Goal-directed response selection often involves predicting the consequences of one's actions and the value of potential payoffs. Lesions or chemogenetic inactivation of the medial orbitofrontal cortex (mOFC) in rats induces failures in retrieving outcome identity memories (Bradfield et al., 2015), suggesting that the healthy mOFC serves to access outcome value information when it is not immediately observable and thereby guide goal-directed decision-making. Our findings suggest that the mOFC also bidirectionally regulates effort allocation for a given reward and that expression of the neurotrophin BDNF in the mOFC is both necessary and sufficient for mice to sustain stable representations of reinforcer value.

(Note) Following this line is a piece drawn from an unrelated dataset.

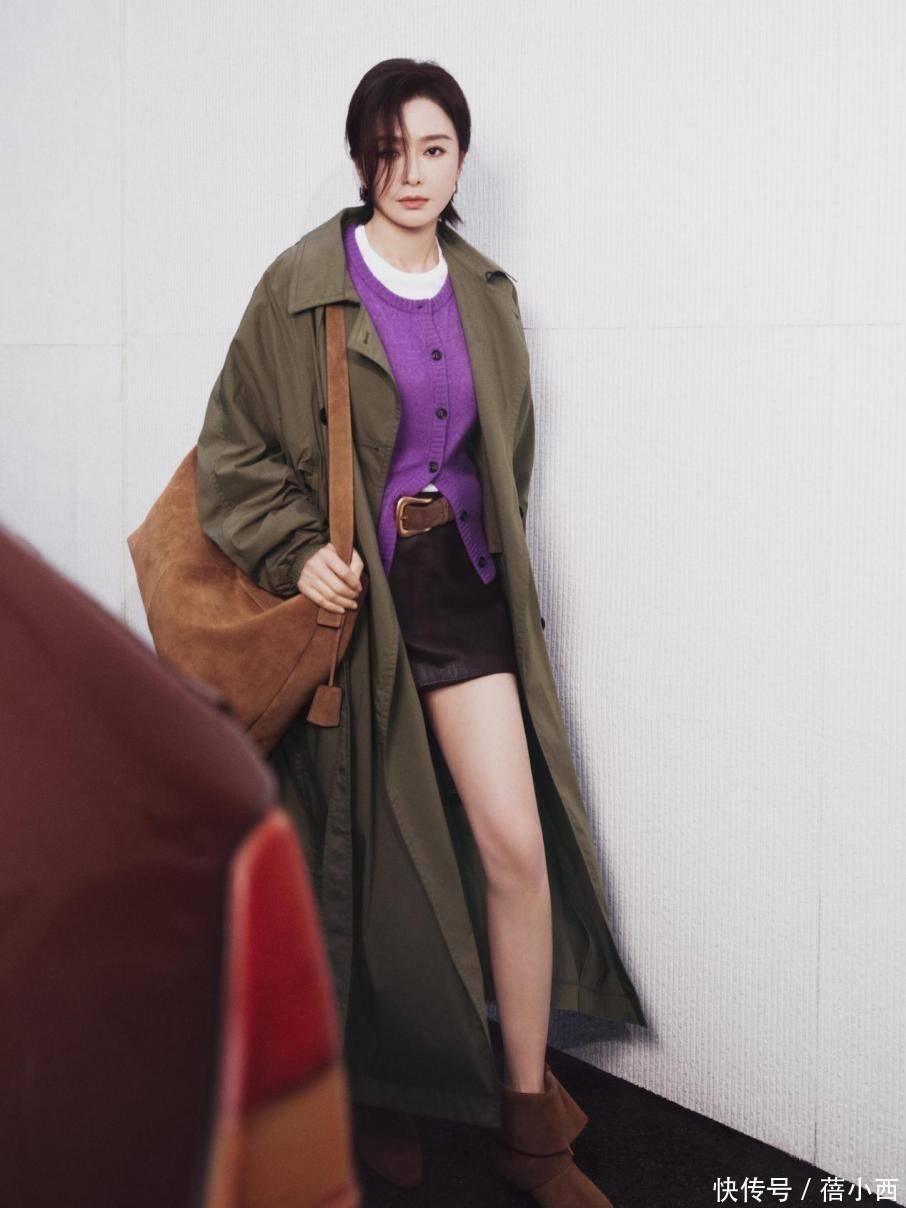 春秋天穿风衣时,只要户外温度不冷,就可以不选择毛衣作为内搭了。秦岚穿了一件紫色小开衫,许多人喜欢此色,与紫气东来的寓意密切相关。这件小开衫没有翻领,圆领款也能在视觉上衬得人干练有气场。紫色开衫的扣子没有选择同色,而是经典黑,黑与紫的结合让人忍不住想多看几眼。

目标导向决策的一个关键组成部分是根据给定奖励或“强化物”的价值保持灵活反应的能力。内侧眶额皮质(mOFC)是腹内侧前额叶皮质的一个亚区域,在调节这一过程中具有独特的地位。我们训练小鼠通过鼻触获取食物强化物,然后使用由钙调蛋白激酶II驱动的、仅由设计药物(DREADDs)激活的Gs偶联设计受体刺激该区域。在其他小鼠中,我们使与神经可塑性相关的神经营养因子脑源性神经营养因子(BDNF)沉默。激活Gs-DREADDs增加了行为对强化物贬值的敏感性,而敲低Bdnf则阻断了这种敏感性。这些变化伴随着渐进比率任务中断点比率的改变,并且在Bdnf(+/-)小鼠中也得到了重现。在Bdnf(+/-)小鼠的mOFC中选择性地替换BDNF挽救了行为缺陷以及细胞外信号调节激酶1/2(ERK1/2)的磷酸化。因此,mOFC中BDNF的表达对于相对于预期强化物的典型努力分配的表达既是必要的也是充分的。额外的实验表明,Bdnf(+/-)背侧纹状体中即早基因c-fos的表达异常升高,而在mOFC中替换BDNF可使表达正常化。此外,全身给予丝裂原活化蛋白激酶激酶抑制剂会增加断点比率,而添加连接反应-结果偶联的离散线索可挽救Bdnf(+/-)小鼠的断点。我们认为,mOFC中的BDNF-ERK1/2是目标导向“在线”行动选择的关键调节因子。
目标导向的反应选择通常涉及预测自身行为的后果和潜在回报的价值。大鼠内侧眶额皮质(mOFC)的损伤或化学遗传学失活会导致在检索结果身份记忆方面出现失败(Bradfield等人,2015年),这表明健康的mOFC在结果价值信息无法立即观察到时用于获取该信息,从而指导目标导向的决策。我们的研究结果表明,mOFC还双向调节对给定奖励的努力分配,并且mOFC中神经营养因子BDNF的表达对于小鼠维持强化物价值的稳定表征既是必要的也是充分的。